03.04
When we last left you, we talked about Big O Notation and how we can use that to compare two algorithms. That was all theoretical though, dealing with infinite sets of data. In the real world, you’ll find that sometimes a “bad” algorithm is really the best for your application.
Lets track down an example from the world of video games. You’ve got a ship that flying around trying to dodge asteroids, and the ship could fire bullets to blow the asteroids up. Let’s lay out some ground rules as well. We don’t worry about the asteroids hitting each other, and bullets can’t hit each other or your own ship. There’s two separate problems here, and we’ll divide the collision system between them. In the first, we have a single ship and a one or more asteroids (when there are no asteroids, the level is over). In the second, there are zero or more bullets (maybe there’s a limit, but I’ll assume the Zero-One-Infinity Rule) and one or more asteroids.
On the surface these seem identical, there is a target set, and a set to hit the targets. So let’s solve the complicated one first (bullets & asteroids). There’s a many to many relationship, so during the first pass we could compare each bullet to each asteroid and see if we register a hit. Since we’re looping twice, the Big O notation would be O(b*a) with b = # of bullets, and 1 = # of asteroids. We can do better than that though, thanks to some clever thinking. Let’s sort our lists of asteroids and bullets in the order of the y (vertical) coordinate. We know we can sort using lots of O(n log n) algorithms (quicksort, mergesort, and whatnot) and then we can use the concept of merging to work our way down the 2 sorted lists looking for matching x coordinates. Here’s some pseudocode:
asteroidList.sortY() bulletsList.sortY() asteroid = 0; bullet = 0 while (bulletList.length < bullet && asteroidList.length < asteroid) { if (bulletList[bullet].y < asteroidList[asteroid].y) { bullet++; } else if (bulletList[bullet].y > asteroidList[asteroid].y) { asteroid++; } else // y is == { //check for collision and do work to handle multiple objects on same y point } } |
Of course you’d have to build a way to handle multiple object on the same plane, but it’d work out to about O(a+b) assuming everything is evenly distributed on the y axis. Combined with the initial sorting, your Big O notation would be O(n log n) (either n=a or n=b depending on which is larger) because O(n log n) is “larger” than O(a+b), which would simplify to O(n).
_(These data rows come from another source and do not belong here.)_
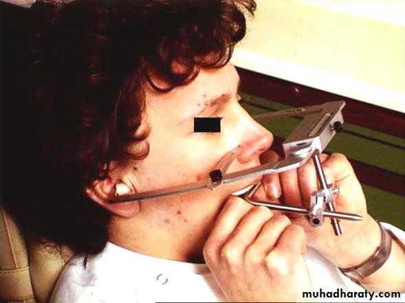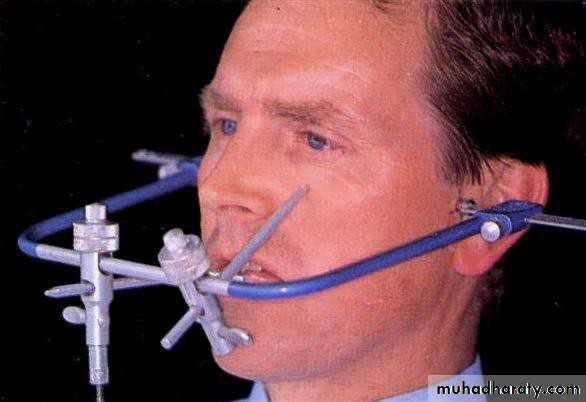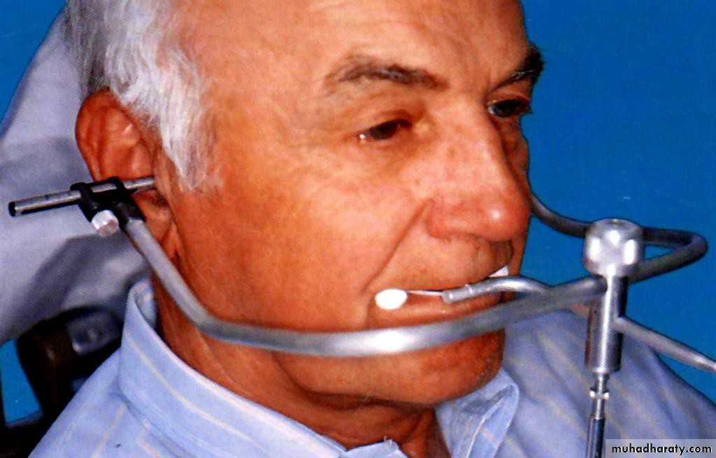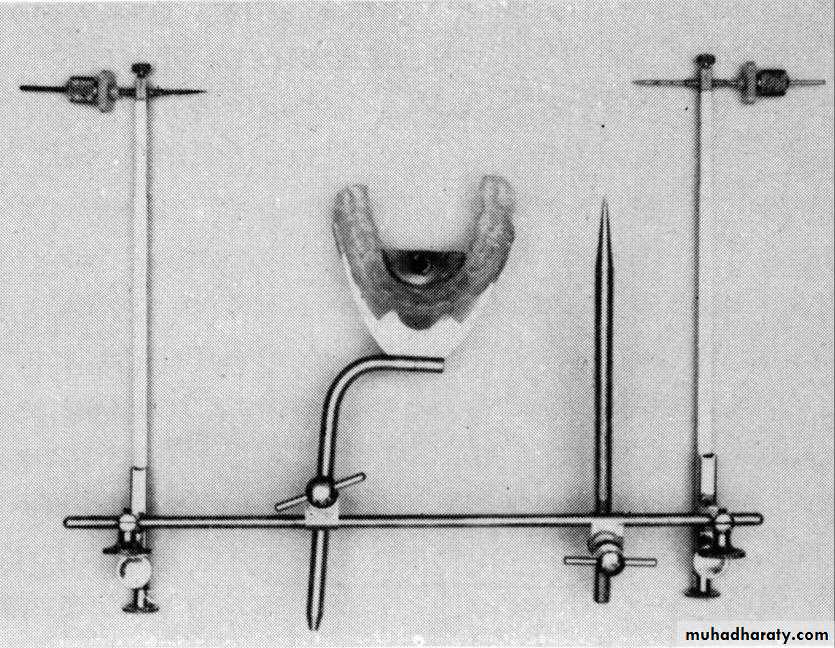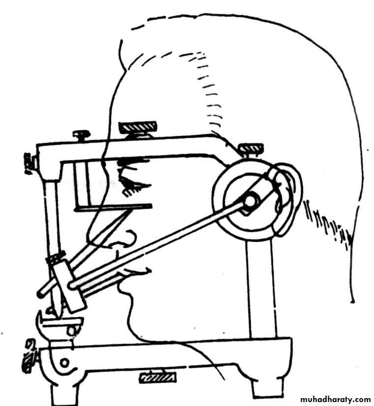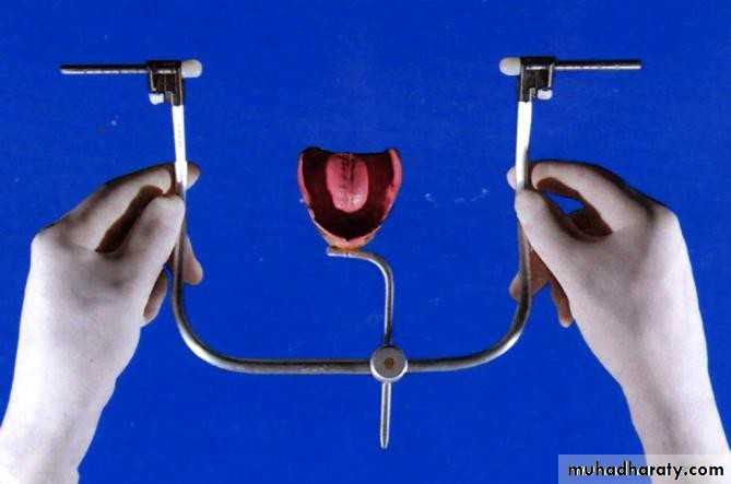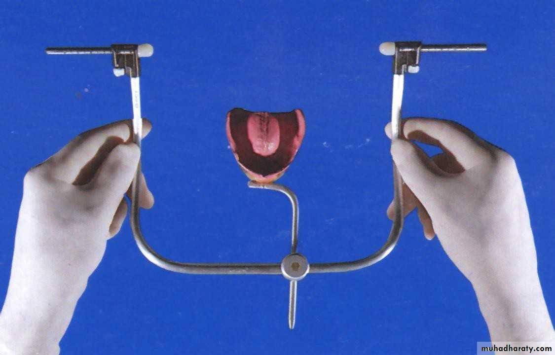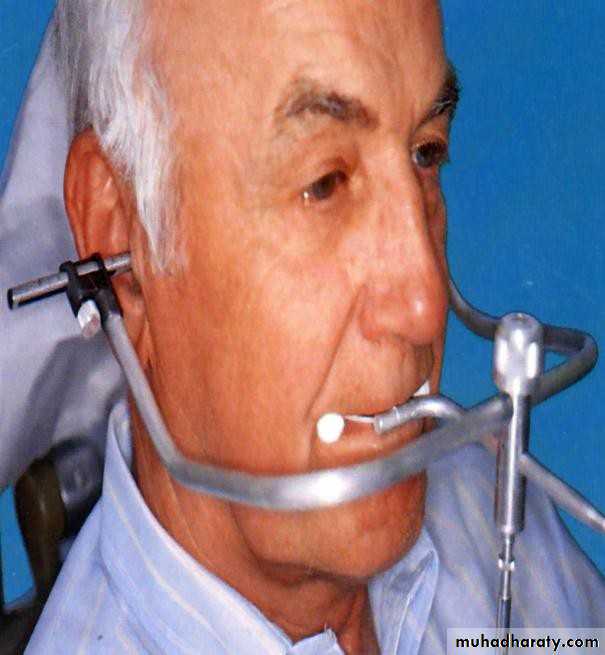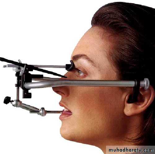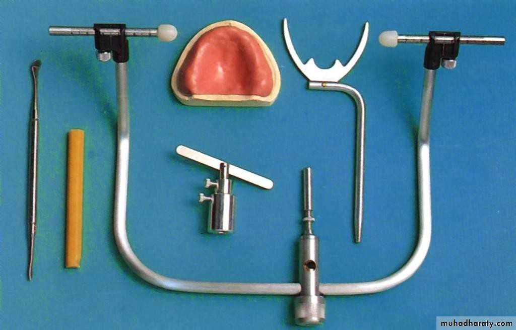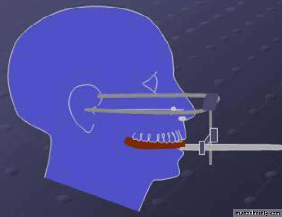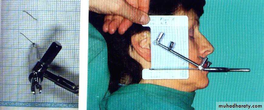 • Face-bow: records the 3-d position of the maxilla relative to a pre-determined planes.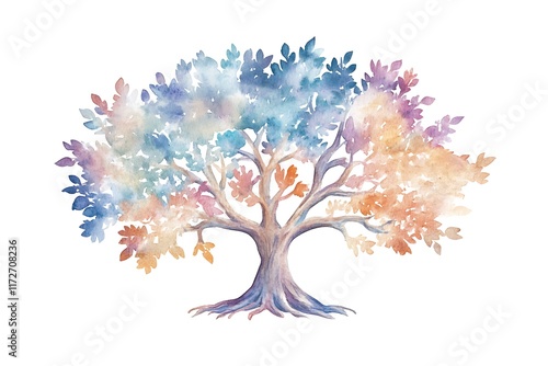 Vibrant abstract digital art depicting a colorful multi colored tree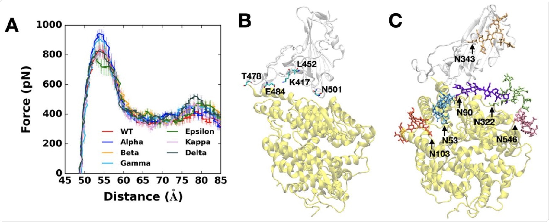 The researchers modeled the pulling force on the fully glycosylated spike RBD-ACE2 model. Most variants showed high force profiles compared to the WT virus, except for the epsilon variant., thus indicating that these variants bind more strongly to the receptor than the parental strain.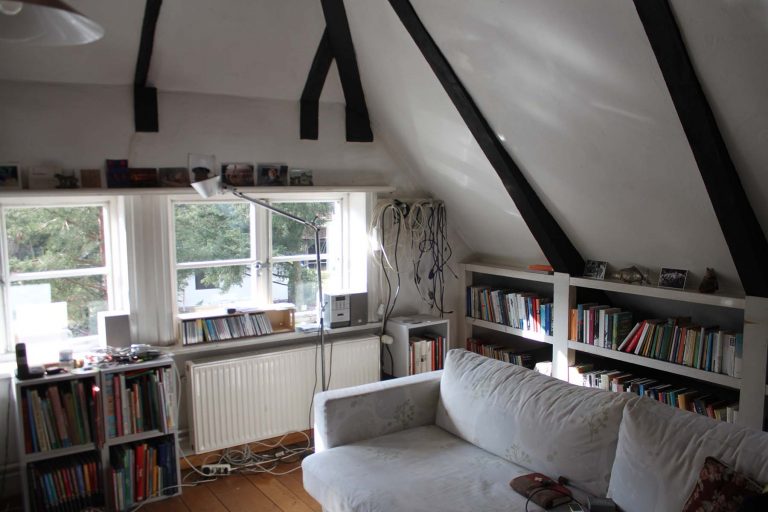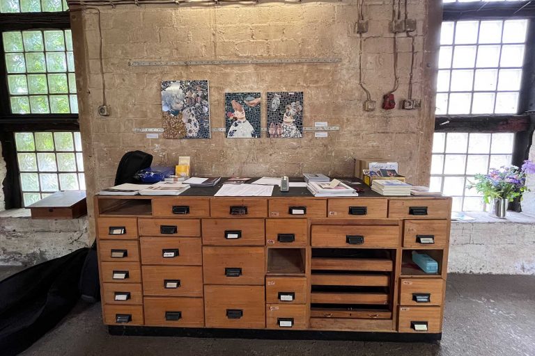Im ersten Stock, der sich einigermaßen heizen lässt, ist das Büro und das Atelier mit Materiallager eingezogen.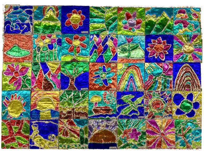 The result of this yarn and foil relief project by second graders is artwork that is reminiscent of both stained glass and cloisonné. The yarn provides 3D line designs while the colored foil provides an overall sheen.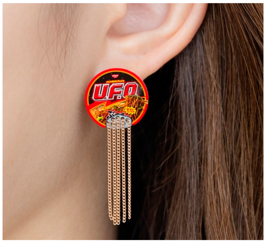「日清焼そばU.F.O.」公式Xアカウントの投稿で話題となった、「U.F.O.」の "湯切り穴" から麺が飛び出ているように見えるデザインのピアスです。(1セット2個入り)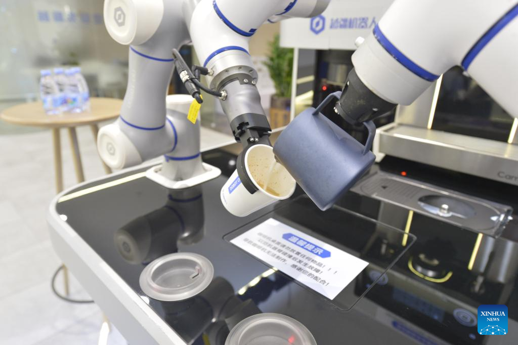 A humanoid robot makes latte art at DOBOT, a collaborative robot company, in Shenzhen, south China's Guangdong Province, Oct. 29, 2025. (Xinhua/Liu Lihang)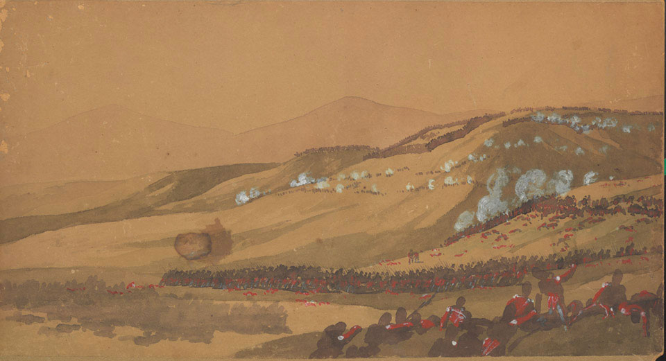 One of three watercolours that form a panorama showing Allied forces in action at the Battle of the Alma during the Crimean War (1854-1856).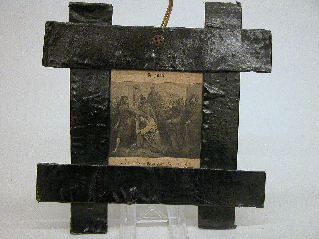 Kruiswegstatie in lijst van zwart kleefband: derde statie, eerste val van Christus onder kruis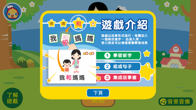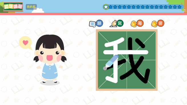 學習新字時會有動畫示範這個字怎樣寫,小孩然後要跟著筆順去寫,才能過關。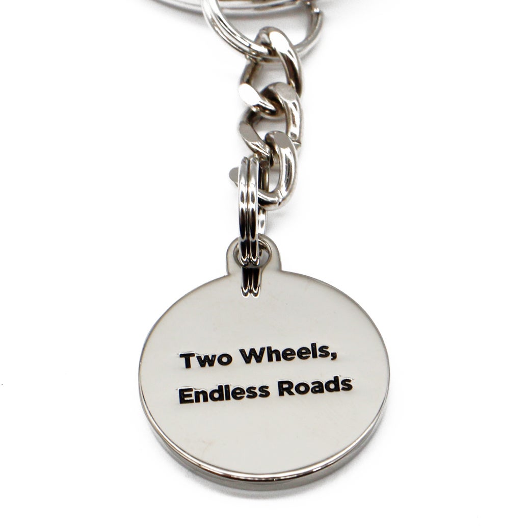 Hondaのウイングマークチャームの裏面には「Two Wheels, Endless Roads」の文字が刻まれています。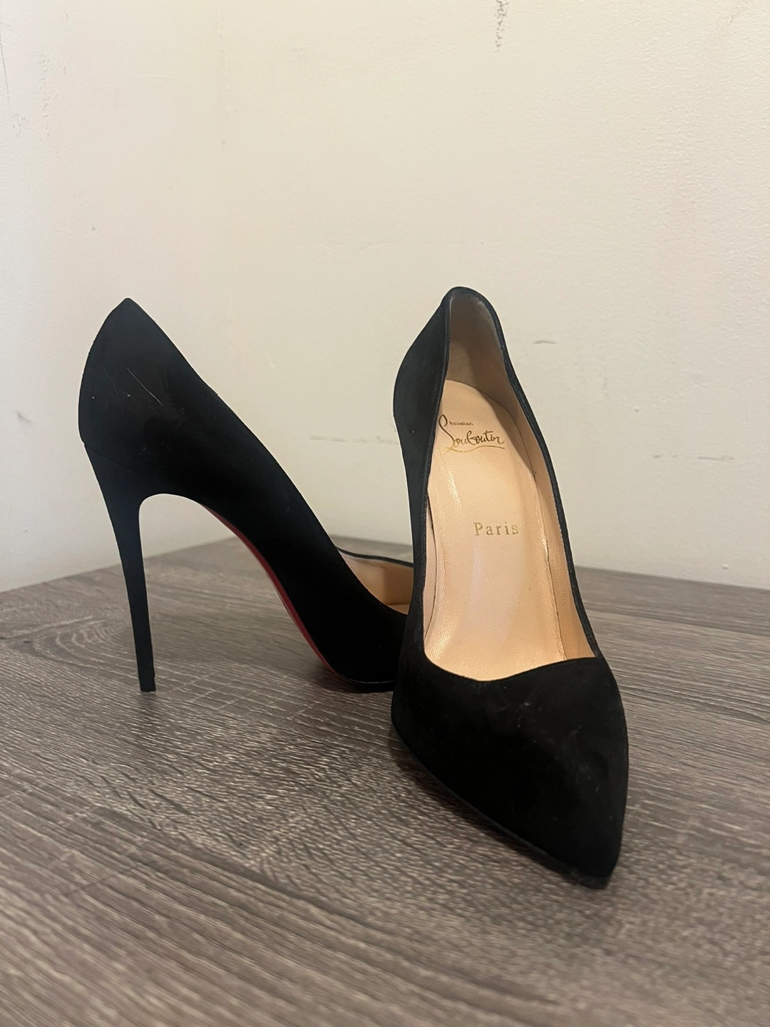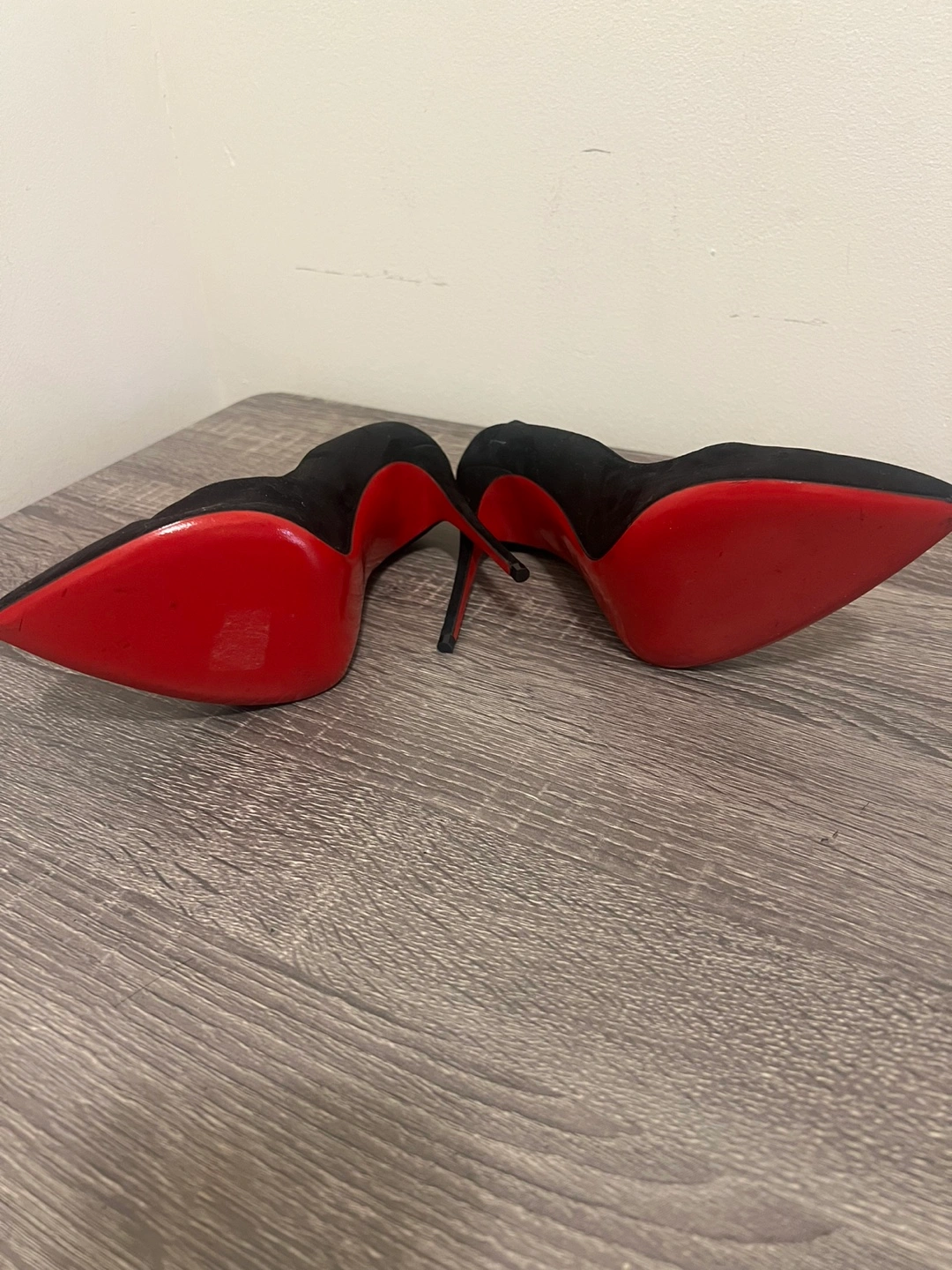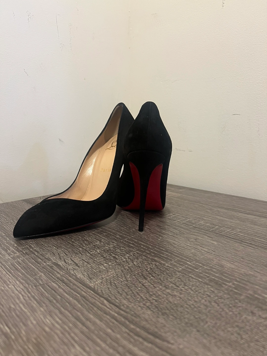 60Beautiful black suede Christian Louboutin heels. Pointed toe. High heels. Red soles.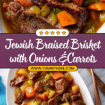 A classic Jewish-style braised beef brisket slow-cooked to tender perfection with a savory blend of onions, carrots, celery, garlic, and a rich tomato and red wine sauce. This hearty, comforting dish is perfect for holiday celebrations like Passover and Hanukkah or any special occasion.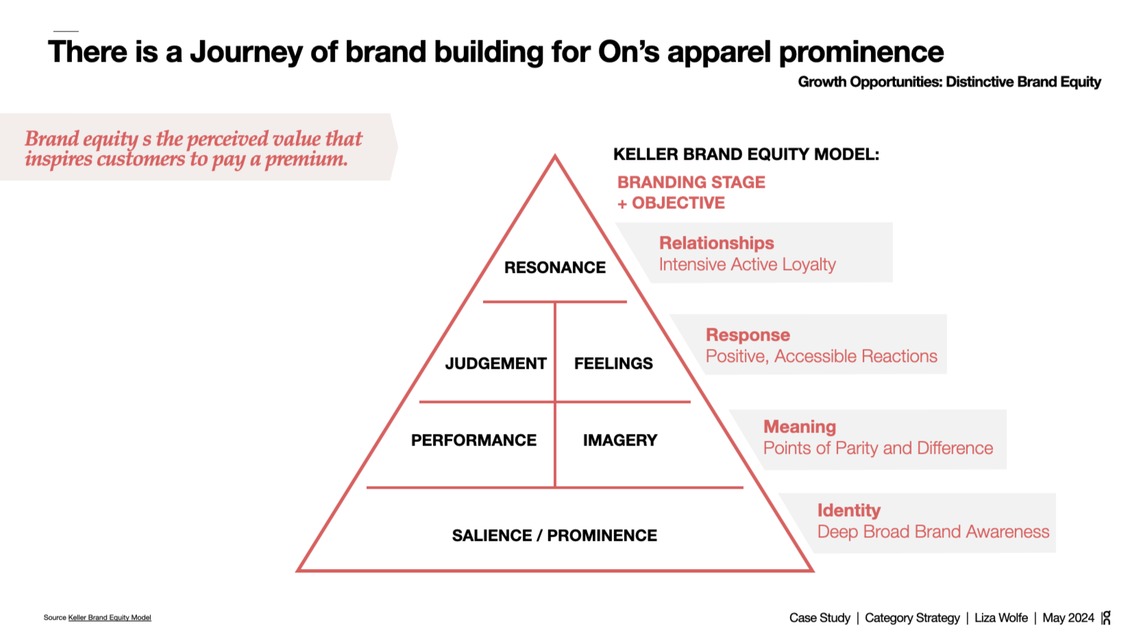 Brand equity isn't transferable between categories automatically. The Keller model makes this visible — salience, performance, imagery, judgment, feelings, resonance are a sequence, not a menu. On's apparel business is at the identity stage: building deep, broad awareness from scratch with a consumer who already knows the footwear brand but hasn't been given a reason to consider the apparel. The strategic implication is that apparel needs its own brand-building investment, its own franchise anchors, its own performance credibility, its own emotional associations. Leveraging footwear equity gets you in the door. It doesn't close the sale.

So we’ve figured out the collision detection right? What about the ship and asteroids? Since we know one value, O(s*a) is really O(1*a)=O(a) and our “clever” solution is actually slower than the original! In fact, depending on the number of bullets, we may have slowed the simple O(b*a) solution down as well.
So you’re not programming a game, so why should you care? Throw out asteroids, ships, and bullets and look at two sets of data you’re trying to merge. A small list of data may just need a brute force solution rather than spending time figuring out a “really nifty algorithm” which may be horribly inefficient with the amount of data your working on. Maybe you should just have everything pre-sorted so you don’t take the O(n log n) penalty, then O(a+b) can be no worse than O(a*n). Regardless, don’t just look at the algorithm ans what it does, but look at the data that will be pushed around when you have to decide how to accomplish a task.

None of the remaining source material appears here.